INPUT DATA =>

>>

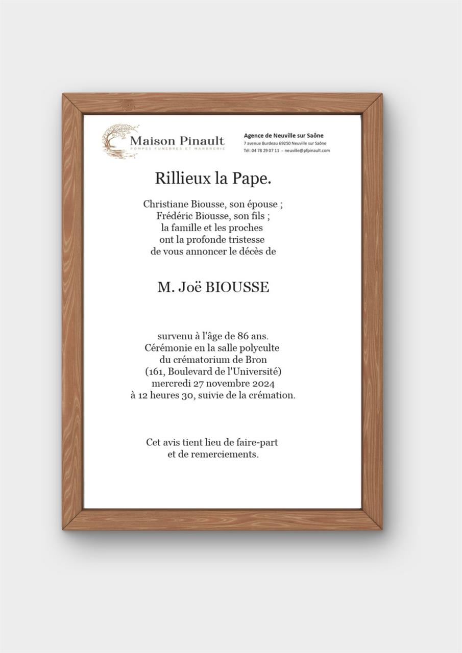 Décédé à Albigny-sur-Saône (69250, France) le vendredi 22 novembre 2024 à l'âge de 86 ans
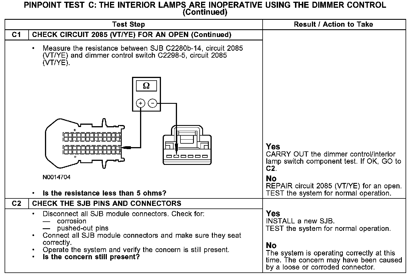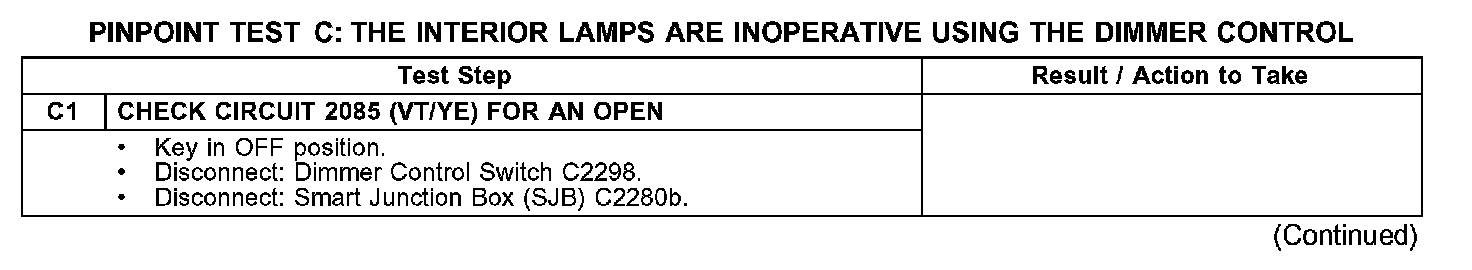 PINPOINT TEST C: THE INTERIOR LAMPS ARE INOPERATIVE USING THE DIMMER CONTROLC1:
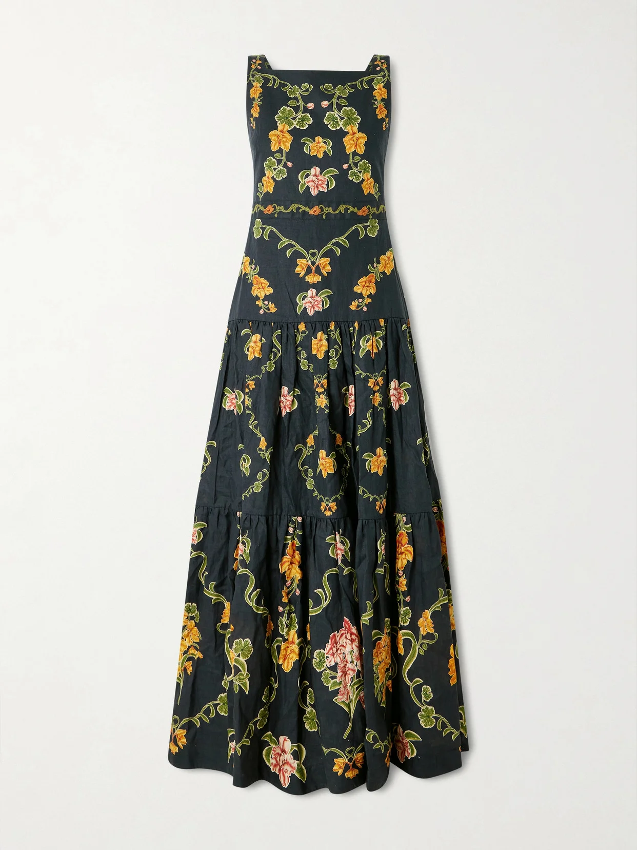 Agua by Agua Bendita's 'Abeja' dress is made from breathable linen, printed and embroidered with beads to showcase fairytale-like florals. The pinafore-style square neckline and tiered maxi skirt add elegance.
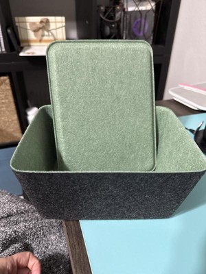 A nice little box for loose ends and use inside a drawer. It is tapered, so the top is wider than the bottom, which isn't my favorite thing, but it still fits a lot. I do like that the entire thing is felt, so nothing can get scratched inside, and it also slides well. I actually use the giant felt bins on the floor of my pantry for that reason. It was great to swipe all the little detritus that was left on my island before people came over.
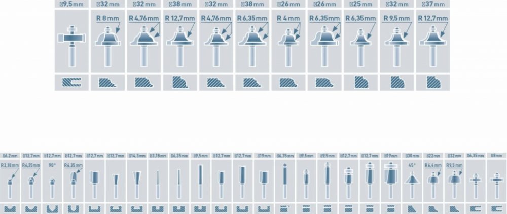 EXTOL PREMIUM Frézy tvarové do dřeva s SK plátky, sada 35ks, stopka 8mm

<<

YOUR ASSIGNMENT =>
Your job is to restate, word for word, only the lines from the one holding "Agua by Agua" through the end of the material; pictures stay out.

SOLUTION FOR THIS PROBLEM =>
 Agua by Agua Bendita's 'Abeja' dress is made from breathable linen, printed and embroidered with beads to showcase fairytale-like florals. The pinafore-style square neckline and tiered maxi skirt add elegance.
 A nice little box for loose ends and use inside a drawer. It is tapered, so the top is wider than the bottom, which isn't my favorite thing, but it still fits a lot. I do like that the entire thing is felt, so nothing can get scratched inside, and it also slides well. I actually use the giant felt bins on the floor of my pantry for that reason. It was great to swipe all the little detritus that was left on my island before people came over.
 EXTOL PREMIUM Frézy tvarové do dřeva s SK plátky, sada 35ks, stopka 8mm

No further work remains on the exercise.